Python DevCenter
oreilly.comSafari Books Online.Conferences.


Advanced OOP: Declarative Programming and Mini-Languages

by David Mertz

This article extends my discussion of advanced programming, but strays into an area that is not exclusively object oriented. What we are interested in for this installment is ways of writing programs that are declarative rather than imperative. In many cases, simply notating facts is more concise and less error prone than providing instructions. A number of less common programming languages make declarative styles predominant, but it is also possible to use a declarative style within generally imperative languages. In this article, as with the others in this series, I will focus on techniques as exemplified in Python.

Background on Declarative Styles

When most programmers think about programming, they imagine imperative styles and techniques for writing applications. The most popular general purpose programming languages are predominantly imperative in style. On the other hand, there are also many programming languages that are declarative in style, including both functional and logic languages.

Let me list a few languages that fall in various categories. Many readers have used many of these tools, without necessarily thinking about the categorical differences among them. Python, C, C++, Java, Perl, Ruby, Smalltalk, Fortran, Basic, and xBase are all straightforwardly imperative programming languages. Some of these are object oriented, but that is simply a matter of the organization of code and data, not of the fundamental programming style. In these languages, you command the program to carry out a sequence of instructions: put some data in a variable; fetch the data back out of the variable; loop through a block of instructions until some condition is satisfied; do something if something else is true. One nice thing about all these languages is that it is easy to think about them within familiar temporal metaphors. Ordinary life consists of doing one thing, making a choice then doing another thing, and maybe using some tools along the way. It is easy to imagine the computer that runs a program as a cook, or a bricklayer, or an automobile driver.

Languages like Prolog, Mercury, SQL, XSLT, EBNF grammars, and indeed configuration files of various formats, all declare that something is the case or that certain constraints apply. Mathematics is generally the same. The functional languages—such as Haskell, ML, Dylan, Ocaml, and Scheme—are similar, but with more of an emphasis on stating internal (functional) relationships between programming objects (recursion, lists, etc.). Our ordinary life, at least in its narrative quality, provides no direct analog for the programming constructs of these languages. For those problems you can naturally describe in these languages, however, declarative descriptions are far more concise and far less error prone than are imperative solutions.
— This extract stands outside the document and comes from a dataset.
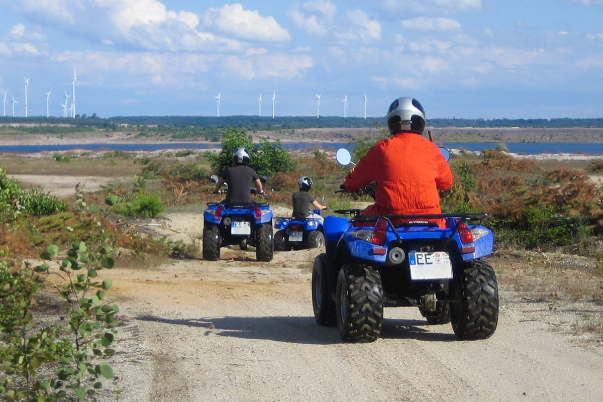 Die Lichterfelder Runde ist eine geführte Quad-Tour mit einer Fahrdauer von 2 Stunden. Die Tour ist gut geeignet für Einsteiger. 80% der Strecke sind abseits befestigter Wege zu fahren. Der Rest der Strecke besteht aus Feldwegen und einigen Asphaltpassagen. Sie fahren, angeführt von unserem Tourguide, vom Sportplatz Sallgast in Richtung Theresienhütte. Durch Lichterfeld geht es dann, vorbei am Besucherbergwerk F60, zum Bergheider See und zurück nach Sallgast. Auf Wunsch legen wir eine Foto oder Getränkepause ein.

Prolog is a language that comes close to logic or mathematics. In it you simply write statements you know to be true, then ask the application to derive consequences for you. Statements are composed in no particular order, and you the programmer or user need have no real idea what steps are taken to derive results. For example:

Example 1. Prolog sample

/* Adapted from sample at:
This app can answer questions about sisterhood & love, e.g.:
# Is alice a sister of harry?
?-sisterof( alice, harry )
# Which of alice's sisters love wine?
?-sisterof( X, alice ), love( X, wine)
sisterof( X, Y ) :- parents( X, M, F ),
                    female( X ),
                    parents( Y, M, F ).
parents( edward, victoria, albert ).
parents( harry, victoria, albert ).
parents( alice, victoria, albert ).
female( alice ).
loves( harry, wine ).
loves( alice, wine ).

Another declarative example is a document type definition that describes a dialect of valid XML documents.
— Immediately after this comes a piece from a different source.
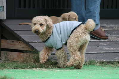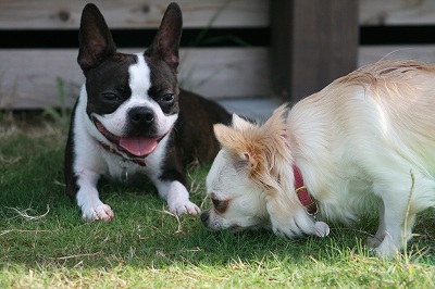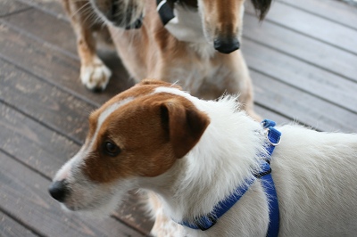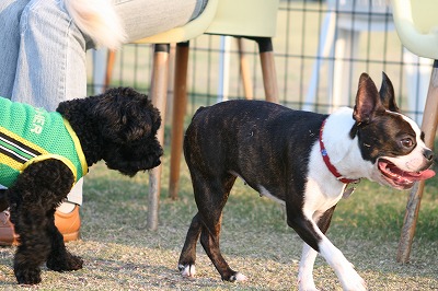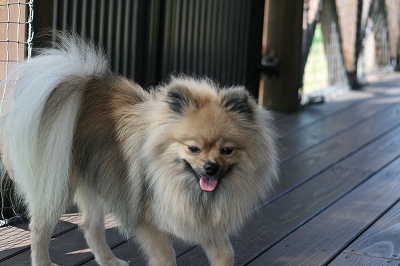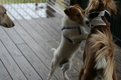 うちの子と遊びたがってたので、デッキでちょっとだけ一緒にしてみたら

Example 2. An XML document type declaration

<!ELEMENT dissertation (chapter+)>
<!ELEMENT chapter (title, paragraph+)>
<!ELEMENT title (#PCDATA)>
<!ELEMENT paragraph (#PCDATA | figure)+>

The DTD language does not contain any instructions about what to do to recognize or create a valid XML document. It merely describes what one would be like if it were to exist.

Python in a Nutshell

Related Reading

Python in a Nutshell
By Alex Martelli

Python as Interpreter Versus Python as Environment

Python libraries can use declarative languages in two fairly distinct ways. Perhaps the more common technique is to parse and process non-Python declarative languages as data. An application or a library can read in an external source (or a string defined internally, but just as a "blob"), then figure out a set of imperative steps to carry out that conform in some way with those external declaration. In essence, these types of libraries are "data-driven" systems; there is a conceptual and category gap between the declarative language and what a Python application does to carry out or apply its declarations.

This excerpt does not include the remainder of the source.